El covid-19 es el suceso que más ha cambiado nuestras vidas. El año pasado utilicé este espacio durante muchas semanas para referirme a las distintas vertientes que la crisis sanitaria me iba sugiriendo. Durante aquel período de estar encerrados en casa, teletrabajando, intentando con la pericia de cada cual sostener el mundo que se nos desmoronaba, escribí más cosas a diario. Una idea persistente recorrió aquellas anotaciones: para lo que nos había caído encima, la gente normal estaba muy por encima de sus dirigentes.

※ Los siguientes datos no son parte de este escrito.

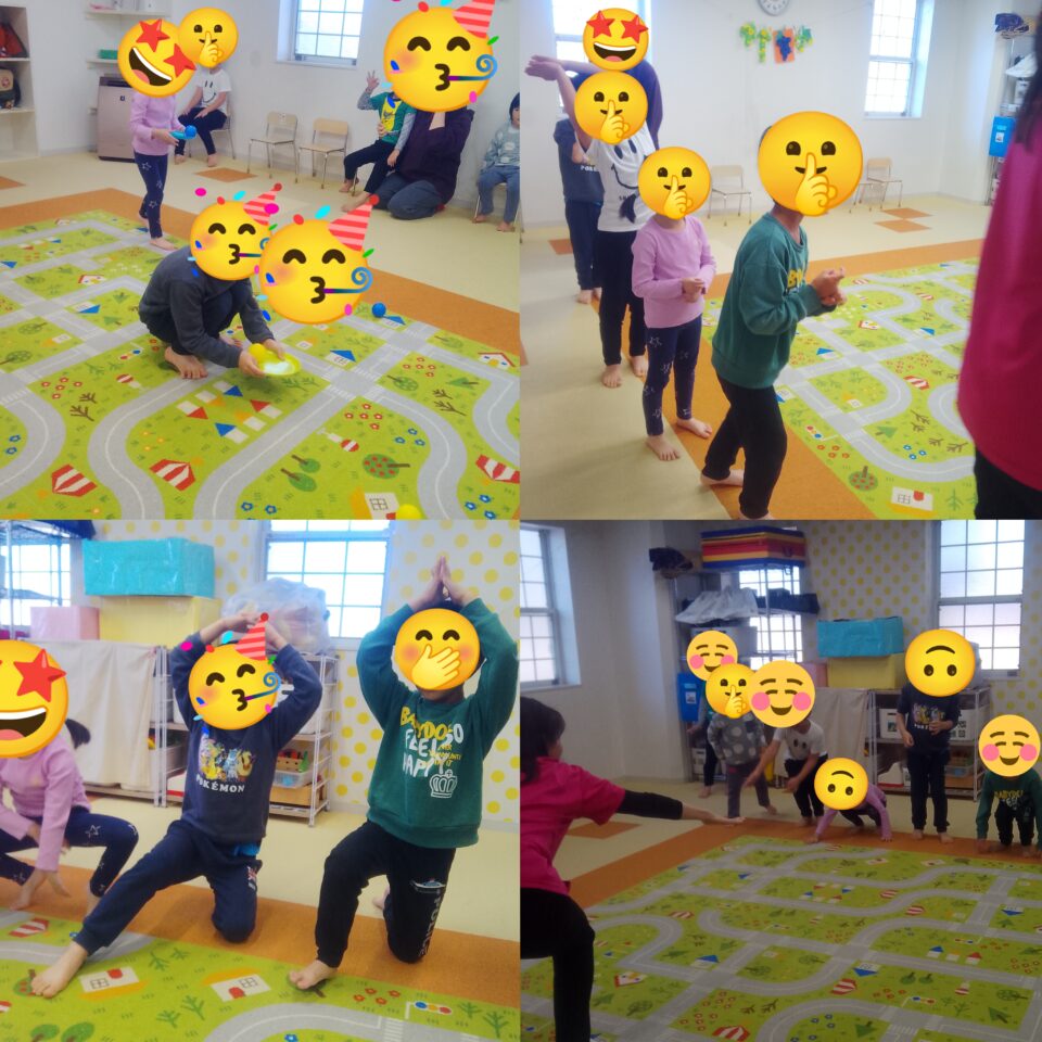 他にもボールを拾いながら止まったり、手裏剣投げゲームをしたりとみんなで忍者の修行を楽しみました!
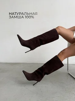 Сапоги трубы на шпильке с широким голенищем натуральная кожа

Sigo pensándolo en parte, pero tengo que reconocer que acorto el concepto que engloba a la gente normal a pasos de gigante cada día de este verano normalizado a la fuerza.

Hay tres perfiles caricaturescos que nos podrían ubicar a todos. Está el responsable, precavido, seguidor de las normas, con sentido común, preocupado de su seguridad, de la de los suyos, de la de los demás, cumplidor de las normas y esencialmente solidario, aunque muchas veces perplejo. Ahí cabe desde el eventualmente despistado que se olvida alguna vez la mascarilla hasta el cuidadoso máximo que pulveriza alcoholes en el aire tras un encuentro con distancia. Está el negacionista, esa especie incomprensible que busca nano-conexiones del virus con Bill Gates, George Soros, cualquier chino impronunciable o la madre del topo: sin mascarilla y sin cuidado ni cabeza, pero con argumento, disparatado, pero con argumento.

Y está el gilipollas: sabe que el covid está, sabe que hay que cumplir, sabe que es un problemón, pero vive como si no existiera, como si no le tocara, al menos por unas horas, que utiliza en un botellón, que hace años que debería estar proscrito socialmente, en una macro-fiesta, porque hay que vivir con esto, o en cualquier evento sin seguridad ni distancia, porque, total, esto es una lotería que le toca a cualquiera. No se les espera para levantar el país, solo para jalearlo, pero dan lecciones. Gilipollas. Algunos, esféricos.

Por fortuna, vana ilusión porque una gota de colorante tiñe toda el agua, la mayoría es responsable; hay una minoría negacionista, fácilmente combatible; y otra minoría, ciertamente mayoritaria en determinadas franjas de edad, gilipollas. Esta es la ecuación. Cuantitativamente afortunada, cualitativamente peligrosa. He llegado a la conclusión de que es imposible, o al menos muy difícil por agotador, concienciar a quien es gilipollas, porque ya tiene conciencia, pero prescinde de ella. Así que he decidido hacer dos cosas: insultarles, por eso, gilipollas; y reclamar de la autoridad una respuesta eficaz que los neutralice: o paramos a estos o nos paran a todos otra vez. Me jode que me tengan que limitar los excesos de cuatro imbéciles, que son cuarenta mil, pero estoy preparado para sobrevivir haciendo renuncias temporales. Para lo que no lo estoy es para soportarles viendo cómo tiran mi esfuerzo, y el tuyo, a la basura que, después, además, recogemos todos.